Here are the young girls, the hideous young girls, in their white finery, wearing around their foreheads a metal crown, a symbol of innocence. They look like old women, very old, they grimace so much. They are sixteen, eighteen, twenty. How awful!

May we arrive in a gallery full of little glass coffins - these are the children. the barely hard bones could not resist. And we do not really know what we see, they are so distorted, crushed and dreadful, the miserable kids. But tears come to your eyes, for the mothers have dressed them in the little costumes they wore on the last days of their lives. And they come to see them again, their children!

Often, next to the corpse, hangs a photograph showing it as it was, and nothing is more striking, more terrifying than this contrast, than this coming together, than the ideas awakened in us by this comparison.

We cross a darker, lower gallery, which seems to be reserved for the poor. In a dark corner, there are about twenty of them together, suspended under a skylight, which gives them the outside air in great sudden breaths. They are dressed in a sort of black canvas tied at the feet and at the neck, and leaning over each other. We wanted them to shiver, that they wanted to save themselves, that they shout "help!" One would think the drowned crew of some ship, still beaten by the wind, wrapped in the brown and tarred canvas that the sailors wear in storms, and still shaken by the terror of the last moment when the sea has seized them.

Here is the district of the loans. A large gallery of honor! At first glance, they seem more terrible to see than the others, thus covered with their black, red and purple sacred ornaments.
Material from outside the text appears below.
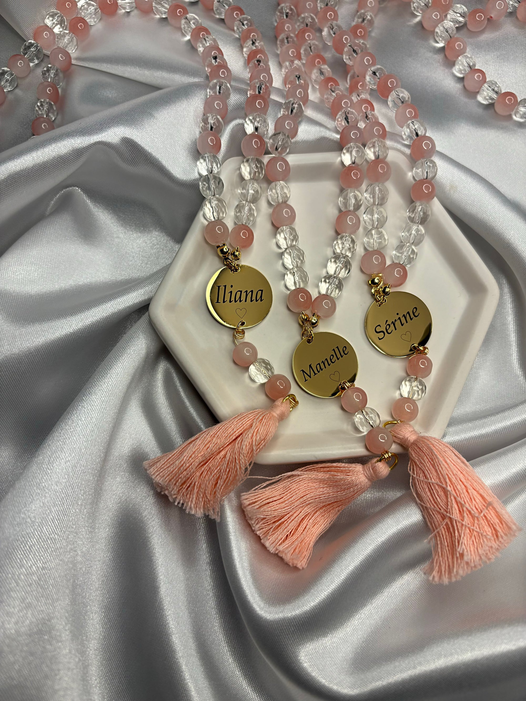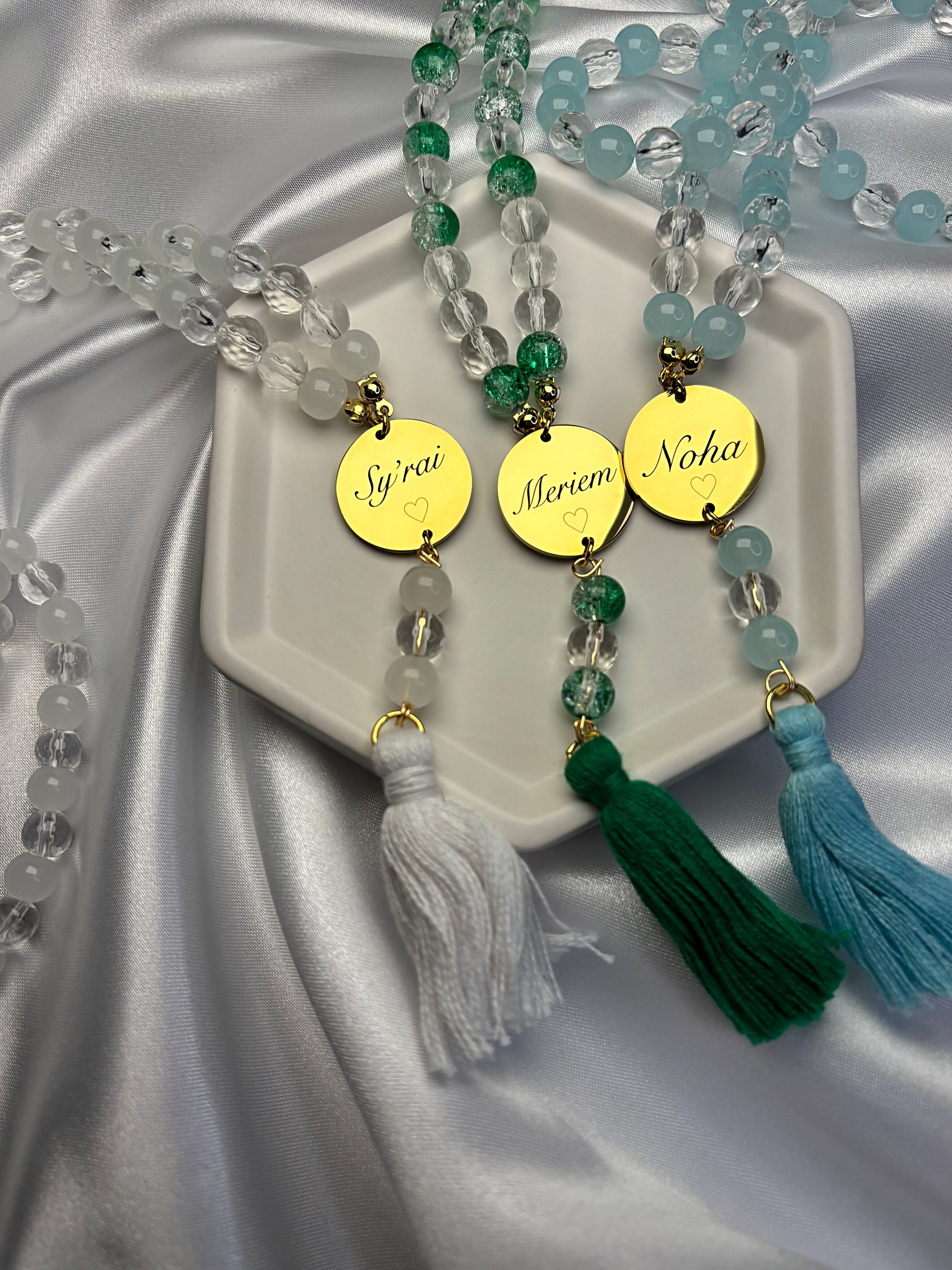 Entièrement imaginez par la créatrice de Maison Nahary, notre chapelet est fait de 66 perles en verre et d'un fil en nylon, il a été conçu pour être très résistant !

But looking at them one after the other, a nervous and irresistible laugh seizes you in front of their bizarre and sinisterly comical attitudes. Here are some that are charming; here are some who pray. We lifted their heads and crossed their hands. They are wearing the bar of the officiant who, placed at the top of their emaciated forehead, sometimes leans over the ear in a playful way, sometimes falls to their noses. It is the carnival of death, made more burlesque by the golden richness of the priestly costumes.

Every now and then, it seems, a head rolls down the neck ties that have been gnawed by the mice. Thousands of mice live in this human mass grave.

I am shown a man who died in 1882. A few months earlier, gay and in good health, he had come to choose his place, accompanied by a friend: "I will be there", he would say and laugh.

The friend comes back alone now and stares for hours on end at the motionless skeleton, standing in the place indicated.

On certain holidays, the Capuchin catacombs are open to the crowd. A drunkard fell asleep once there and awoke in the middle of the night. He called, screamed, terrified, ran all around, trying to flee. But no one heard him. It was found in the morning, so clinging to the bars of the entrance gate that it took a long effort to untie it.

He was crazy.

Since that day, a big bell has been hung near the door.